3PAR CFO Bill Kurtz says this is the last funding the Fremont, Calif.-based company will need. He says 3PAR sales doubled in six months after the company began offering what it calls "thin provisioning" software on its SAN systems last June, and half of its existing customers have made repeat purchases since it rolled out its original product in June 2002.

While it has yet to seriously threaten any of the established competitors and won’t disclose its total number of customers, 3PAR claims 17 Fortune/Global 1000 customers and substantial repeat business. Its customers include Merrill Lynch, American International Group (AIG), and American Management Systems. Kurtz says a typical 3PAR customer upgrades within six months and purchases a second system within a year.

If these trends continue, Kurtz says, 3PAR could achieve its goal of profitability within two years.Of course, it gets tougher to keep doubling sales after an initial rollout. But don’t count out 3PAR, which has outlasted a raft of SAN startups and gotten the jump on some big players such as IBM Corp. (NYSE: IBM), EMC Corp. (NYSE: EMC), Hewlett-Packard Co. (NYSE: HPQ), and Hitachi Data Systems (HDS) by offering a viable product focused on a key aspect of utility computing.

“We’ve seen a significant uptick in the last six months because of thin provisioning,” Kurtz says.

Thin provisioning is a twist on the capacity-on-demand or pay-per-use concept that requires customers to house more capacity than they need and pay for what they use. 3PAR lets users create virtual volumes on one of its systems without actually purchasing or installing the entire amount of disk storage.

For example, a database may be assigned a volume sized at 4 TBytes, but the 3PAR system could have just 1 TB of disk capacity in place if the application uses less than that (see 3PAR Spins Disk Trick). That actually encourages customers to buy less disk space -- something the SAN giants would never consider, but that allows a startup to get a lower-cost foot in the door.

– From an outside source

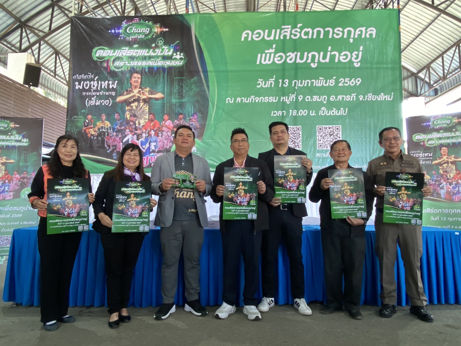 (21 ม.ค.69) ชุมชนตำบลชมภู อำเภอสารภี จังหวัดเชียงใหม่ แถลงข่าวเตรียมจัดกิจกรรม “คอนเสิร์ตการกุศลเพื่อชมภูน่าอยู่” โดยมี ดร.ธวัช ชัยแก้ว นายกเทศมนตรีตำบลชมภู นายวสัน รอดปั้น ผู้จัดการการขายเครื่องดื่มตราช้าง (ไทยเบฟเวอเรจ) ประจำจังหวัดเชียงใหม่ ผู้นำชุมชน และคณะผู้เกี่ยวข้อง ร่วมการแถลงข่าวต่อสื่อมวลชน มีผู้ร่วมรับฟังจำนวนมาก ณ สำนักงานเทศบาลตำบลชมภู
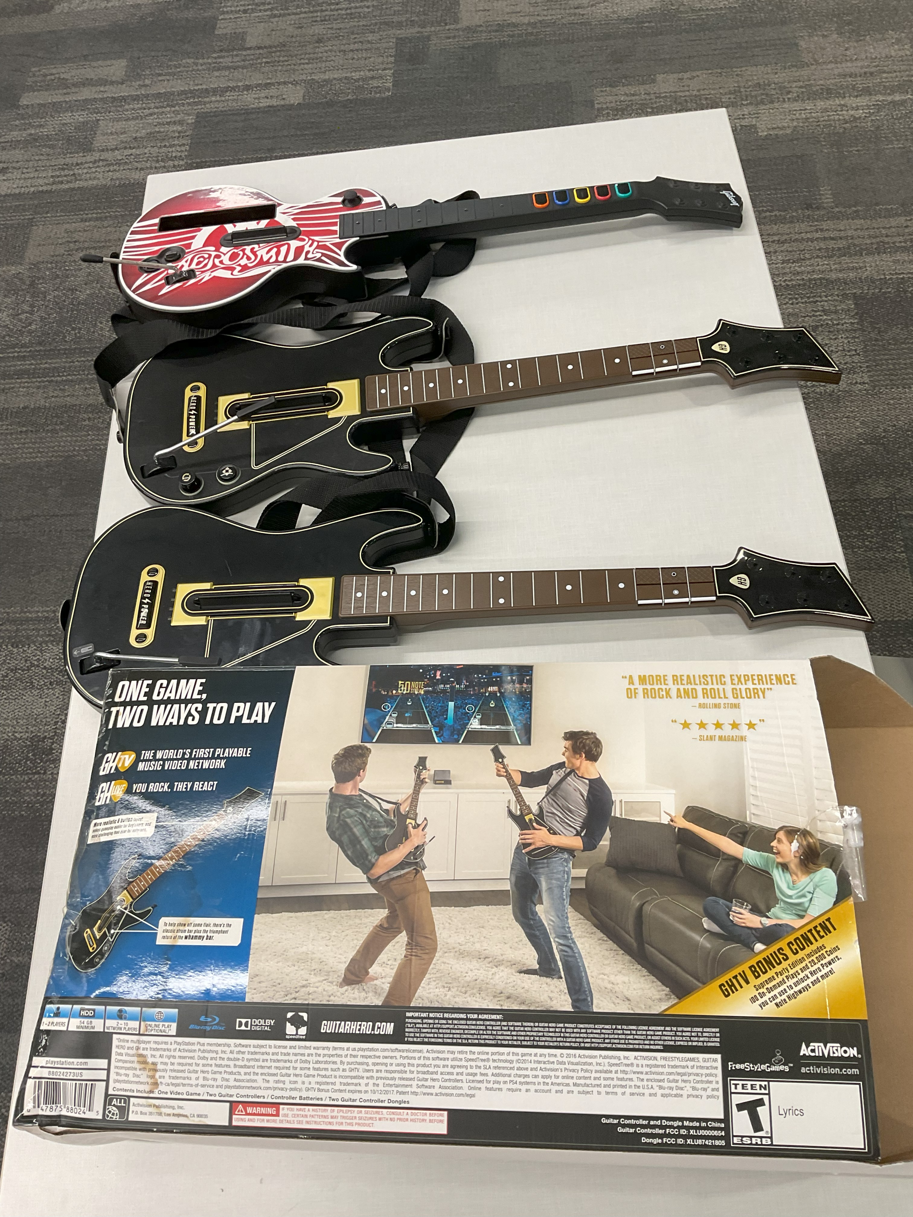 Three videogame guitars available. Two black guitars which box says can be used for Playstation Guitar Hero. The red guitar also says Guitar Hero on the back. All are available for free pickup during Library open hours. Please contact for availability.

Like any SAN startup, 3PAR has had plenty of those doors slammed on its feet along the way. After raising $121 million through July 2001, the company pushed out its first product in June 2002 (see 3PAR Tees Off) but was down to $50 million when it axed 42 people (20 percent of its workforce) in November 2002 (see 3PAR Swings Club). Headcount has since come down another 20 or so to approximately 150. Still, along with XIOtech Corp., 3PAR is still standing in a tough market.Kurtz claims 3PAR isn’t trying to beat entrenched competition -- it just wants a sliver of what it considers a $20 billion networked storage market. To do that, it needs to keep moving. "Our plan is to grow faster than the market.”